こんにちは。名古屋・金山の社労士法人TRiUMPH(トライアンフ)です。
突然ですが、昨今話題の「男性版産休」って、皆さんは聞いたことありますか?実はこれ、「男性にも産休取得を義務付ける」ということではありません。「男性にとって育休制度がもっと使いやすくなる」ということなのです。どのように法律が変わったのか、解説していきます。
目次
法改正の背景
女性にとって出産は、命がけのライフイベントです。赤ちゃんが生まれてから1か月間は、2~3時間おきの授乳や頻繁なおむつ替えが必要。ただでさえ出産でへとへとなのに、ママは慢性的な寝不足と疲労に苛まれることになります。ママ一人で新生児の時期を乗り越えるのは、困難です。でも、パパの協力があれば、ママの負担が減るかもしれません。

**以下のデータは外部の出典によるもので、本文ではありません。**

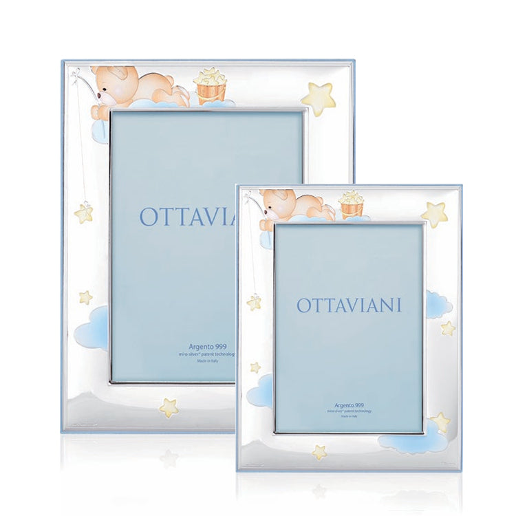 Portafoto Ottaviani In Argento 999, moderno ed elegante con un design che esprime gioia per la nascita di un bimbo, perfetta per arredare ogni cameretta o ambiente dove si voglia portare una nuova gioia. Il disegno sulla cornice rappresenta l'orsetto pescatore di stelle pogiato su una nuvola. Le dimensioni interne sono 9x13 cm.

現在の育休制度は、育休に入る1ヶ月前までに会社に申し出なければならないなど、男性にとっては使いにくい制度でした。また、男性が分割して育休が取れるのは2回まででした。ママの産後8週間以内にパパが育休を取れば、お子さんが1歳になるまでに(原則)もう一度育休が取れる制度、これをパパ休暇といいます。今回の法改正では、このパパ休暇に加えて、赤ちゃんが生まれて間もない時期に、男性が育休を取りやすくする制度が拡充されるのです。
男性版産休(=法改正された男性の育児休業)とは?
2022年(来年)秋ごろから、男性は、お子さんの誕生後8週間以内に、合計28日の育児休業を2回に分けて取ることができるようになります。しかも、会社への申出は2週間前で大丈夫です。これは、今まで育休制度にプラスしてできた制度ですので、1歳になるまで(原則)2回に分けて育休をとること(いわゆるパパ休暇)を妨げるものではありません。
つまり、男性はお子さんが1歳になるまで(原則)4回にわけて育休を取ることができるようになるのです。
出典:『育児・介護休業法改正ポイントのご案内』厚生労働省
例えば、こんな使い方ができます。
(1回目)お子さんが生まれた時に、パパも育休を取って喜びを分かち合う。
(2回目)病院からから帰ってきたママが一番大変な新生児期に、パパも育休を取って育児をする。
(3回目)ママが育児で疲れてきた時に、パパも育休を取ってママを休ませる。
(4回目)ママが職場復帰するときに合わせて、パパも育休を取ってママを支える。
出典:『男性の育児休業取得促進等に関する参考資料集』厚生労働省
もちろん、育休として休んだ期間は、雇用保険から育児休業給付金が出ますし、社会保険料は免除になります。給与計算時には、気を付けなくてはならないでしょう。
導入はいつから?
今回の法改正は、すべての企業が改正の対象です。中小企業であっても待ってくれません。
2022年4月(来年春)から義務化されるのは、次の2つ。
・育休を取得しやすい環境を整備すること(研修をしたり・相談窓口を設置するなど)
・男性・女性どちらであっても、妊娠 ・ 出産を申し出たら、個別に育休制度をお知らせし、制度を利用するか確認すること
そして、2022年秋ごろから、現行制度にプラスして、「男性版産休」が導入されます。
導入に備えて、会社がやることは?
2020年4月(来年春)までに、会社がやることは2つです
①就業規則を改定する
2020年秋頃の新制度運用開始にむけて、就業規則を変えましょう。具体的にどんな規定がいいかは、社会保険労務士にご相談ください。おそらく、厚生労働省も就業規則のモデルを発表するでしょう。
②育休制度を従業員にお知らせする仕組みを作る
従業員の方に新しい育休制度を知ってもらう研修をしたり、育休制度について相談できる窓口を設置しましょう。
両立支援等助成金との関係は?
男性の育休については、厚生労働省も助成金で後押ししてきました。(両立支援等助成金・出生時両立支援コース(子育てパパ支援助成金))例えば、子どもの生まれたパパが、生後8週間以内に育休をとり始め、そのまま5日以上休んだとき、中小企業であれば57万円が支給されてきました。
今後この助成金が新しい制度の導入に伴ってどう変わるのかは、大注目です。厚生労働省の発表が待たれます。
まとめ
2022年(来年)秋から、男性は、子の出生後8週間以内に28日まで、2回に分けて育休を取ることができるようになります。
今回の法改正で、男性が育休を取ることが、もっと身近に、もっと当たり前になっていくといいですね。
それではまた。名古屋・金山の社労士法人TRiUMPH(トライアンフ)でした。